An affordable airline
“We plan to connect Tier 2 and Tier 3 cities with Tier 1 and metro airports, which will help improve accessibility and convenience for travellers across these regions,” said Ahmed.
However, the start-up must undergo several additional steps before achieving commercial operations status.
“After securing the NOC, our next steps involve acquiring aircraft and complying with the regulatory requirements to obtain our Air Operator’s Certificate (AOC). This is a critical phase that ensures we meet all safety and operational standards set by the aviation authorities,” said Vice Chairman Ayub Kallada.
The government of Kerala first proposed the idea for Air Kerala in 2005 to provide Gulf Malayalees with affordable travel options; however, the project was shelved several times.
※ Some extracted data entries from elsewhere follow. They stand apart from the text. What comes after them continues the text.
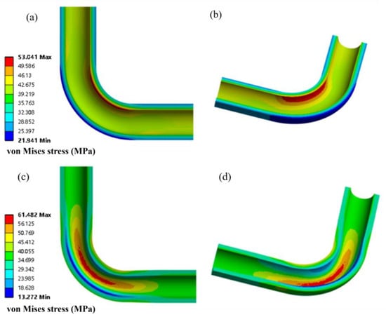 The stress distribution of the modified elbow model designed based on the actual dimensions is depicted in Figure 5c,d. In contrast to Figure 5a, it can be observed that the stress concentration zone has shifted to the upper and lower ends of the circumferential elliptical cross-section of the inner wall of the elbow (at 90° and 270° locations of the circumferential section as shown in Figure 3b), with the maximum stress being 61.482 MPa. The area of the maximum stress gradually reduces from a 45° cross-section of the elbow toward 0° and 90 ° cross-sections until it reaches the minimum at the part connected to the straight pipe. The minimum stress area is distributed in the inner wall region of the outer arc of the elbow, with a minimum stress value of 13.272 MPa.
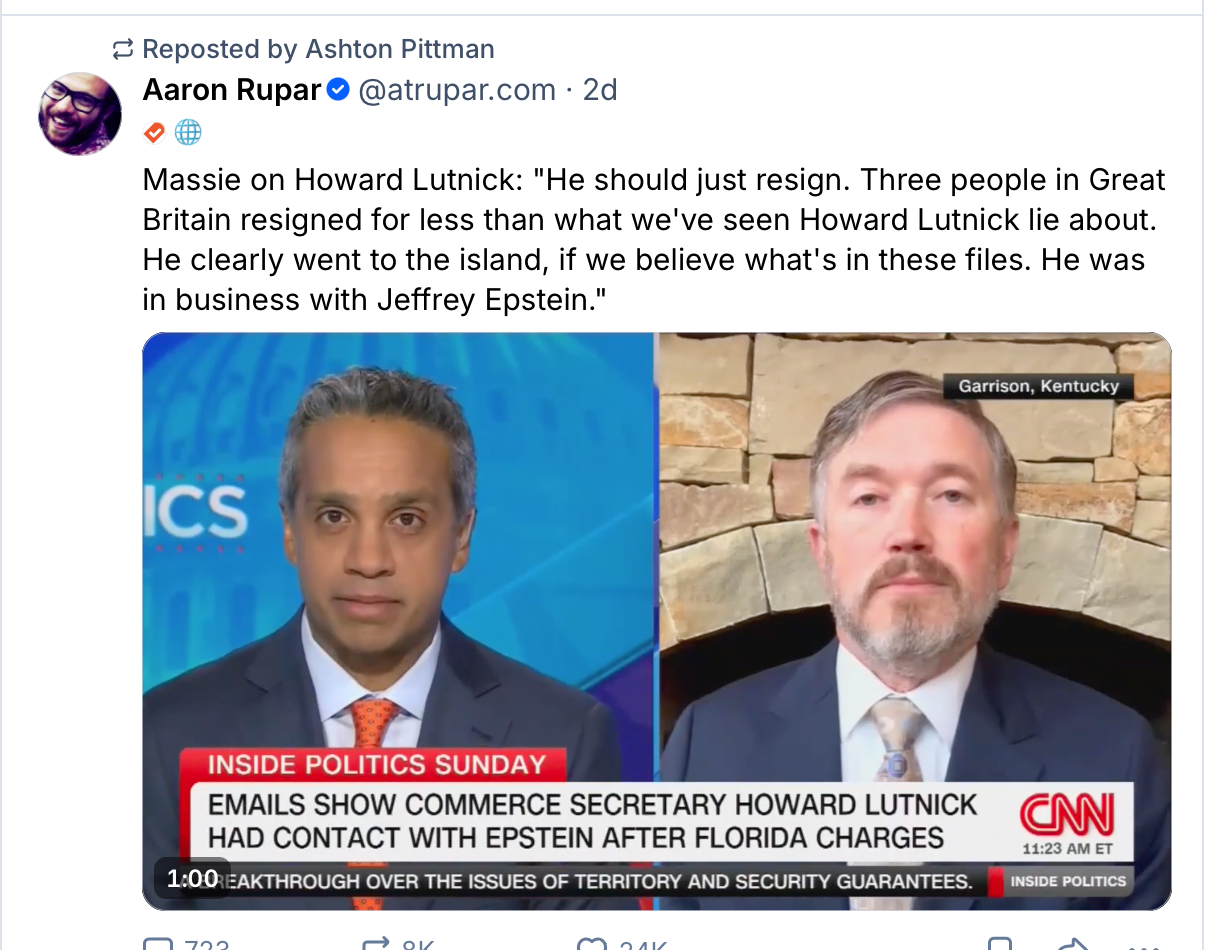 The hideous crimes of Trump's ICE in the present and the revelations about the hideous crimes of the past that implicate so many rich and powerful white men, including Trump and his commerce secretary, Howard Lutnick, are together a sort of pincers move. They corral the administration from two angles, clarifying its utter disregard for the human rights of, well, everyone but powerful white men.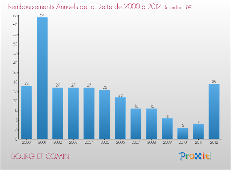 Pendant la même période, les communes françaises similaires à Bourg-et-Comin, ont vu leur dette par habitant augmenter de 27.22 % en moyenne entre 2000 et 2012.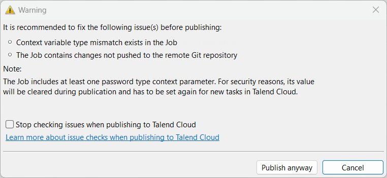 [Preferences] (環境設定) > Talend Cloudビューへの公開時に[Stop checking issues when publishing to Talend Cloud] (Talend Cloudへの公開時の問題チェックを停止)チェックボックスがクリアされると、次のいずれかのケースで、Talend Cloudへの公開時にダイアログボックスで警告メッセージが表示されます:

Last year, Ahmed invested Dh1 million in the domain name airkerala.com.
Zett Fly’s board comprises Dubai–based businessmen Ahmed (who is also the Chairman of travel company Smart Travels), Kallada (Chairman and Managing Director of Kallada Food Industries), and Kanika Goyal.
3 ATR72-600s
The company hopes to launch initial operations with three ATR 72-600 aircraft, a twin-engine turboprop short-haul regional airliner developed and produced in France and Italy by the aircraft manufacturer ATR.
“We are currently exploring options in both the leasing market and direct procurement from manufacturers to ensure we have the best possible fleet for our operations,” said Ahmed. The aircraft has a seating capacity of 78 passengers.
What about international operations?
Kallada said international operations are in the pipeline. India follows a 5/20 law, where carriers are required to operate for five years and have a fleet of 20 aircraft before they can launch international operations.
“Once we expand our fleet to 20 aircraft, we will start exploring international routes to expand our reach and service offerings,” he said.
Job creator
The company hopes to create 350 jobs in Kerala during the first year of operations. “Moreover, we have identified key post holders, including our CEO, and will announce these appointments at the appropriate time,” said Ahmed.
“Additionally, we plan to source other employees from the local talent pool, ensuring we leverage the skills and expertise available within the community,” he added.
The project follows the Public-Private Partnership (PPP) model. The Kerala state government, Cochin International Airport (CIAL), and other parastatals hold a 25 per cent stake, while individuals and private entities will hold the remaining 74 per cent.